18 November 2018

IF YOU DON’T ANSWER, I’LL JUST RING IT OFF THE WALL [136]


There appears not to have been a time before the mobile phone or, if there was, it exists in an alternative reality, one where Biff Tannen did not turn the Hill Valley courthouse into a casino. More seriously, the mobile phone has changed how we live, changed our habits, and changed our infrastructure. Like with the World Wide Web, I will be one of the last, at age thirty-five, to remember a time without them.
I had to remind myself of how I used to keep in touch – I actually remember once having to wait until somebody finished using a payphone before I could make my own call, using my pre-paid BT Phonecard. That all changed in 2000 when, ahead of my seventeenth birthday, I bought my first mobile phone, just as they started becoming affordable to everyone. By that year, just over half of UK adults had one.
I’m not sure why I bought the phone I did, but I guess I recognised the name “Philips” more than “Nokia,” who made the phones everyone else had at the time. The Philips Savvy was introduced in 1999, and was a chunky black and blue brick of a basic phone. Its big buttons make it clear it has only one use – cameras were not commonplace on phones for another five years.
If I wasn’t using it to call or send an SMS message – the manual confirms SMS stands for “Short Message Service” - the other reason I had the Savvy in my hand was to unscrew and screw in its external aerial, as a way of keeping your hands busy. Unlike the black slate smartphones for today, if I broke the aerial, I could just buy a new one, and I could replace the battery with a new one, or one I charged earlier, or one with a bigger capacity, which needed its own bigger back cover. Standby time was measured in days, but you could only do so much with the Savvy.
With no information available on internal storage capacity, saving contacts, SMS messages and call history appears to be down to the SIM card only. Details of the last twenty calls you made, and the last ten you received, is the most you can have. No internet service is possible, but you do get a calculator and stopwatch. The LCD screen had space for two lines of text and an icon – the home screen displayed the time using a clock face. There is a primitive pre-emoji list of twenty-five characters you can send with SMS messages, but only an emoticon is sent if the recipient doesn’t have the same phone as you. Short pre-prepared SMS messages are provided, like “please call me back, or “I will be late” – the first such message had only been sent in 1992, over the Vodafone network, and people were not expected to take time writing long messages. The only other “app” was a “biorhythm calendar,” using your birthday and a given date to show your results for Chance, Love, Energy and Success. Amuse your friends, if you can.

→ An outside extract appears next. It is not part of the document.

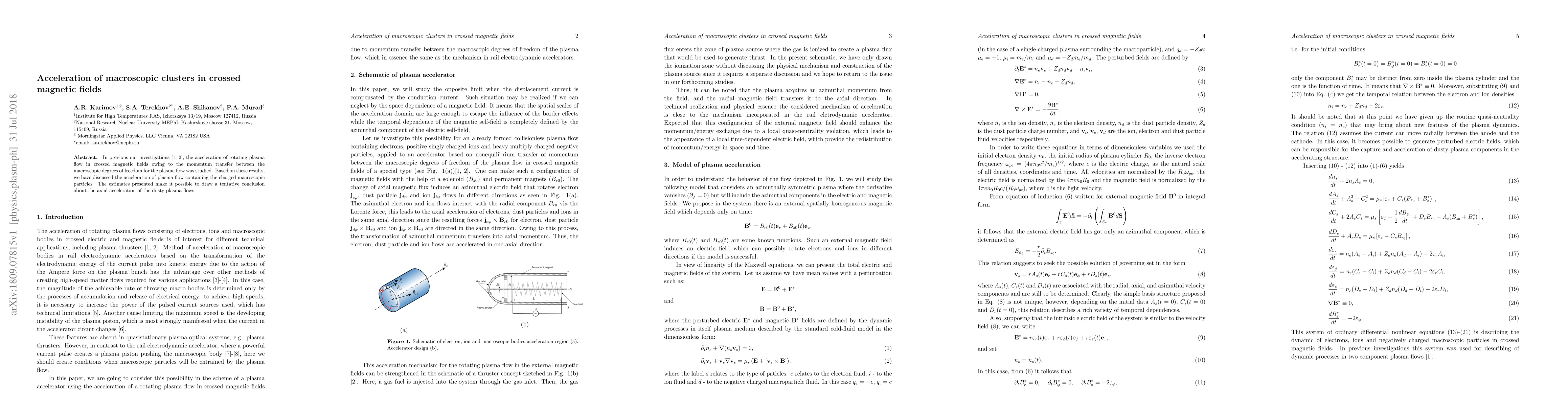 This paper investigates the acceleration of rotating plasma flow in crossed magnetic fields, focusing on the momentum transfer between macroscopic degrees of freedom. The findings suggest a potential for axial acceleration in dusty plasma flows.

In the year 2000 alone, payphone use declined by 12% in the UK – BT responded by increasing the minimum call charge for the first time since 1984, from 10p to 20p, and began charging for directory enquiry calls. BT Phonecards were withdrawn in 2002, except within the prison service. From the peak of 92,000 phone boxes in 1992, there are now only 40,000 on UK streets, with BT expecting to halve that total by 2022.
For all its limitations, I used my Philips Savvy for four years, longer than any other phone I had since. I finally joined the Nokia brigade in 2004 with a 3510i, an updated version of one of the first phones to have a colour screen, and 2007 established the two-year contract pattern to which practically everyone follows. Today, speaking as the owner of a phone that insists on using glass, it would be nice to use a phone I can drop, or throw, with abandon.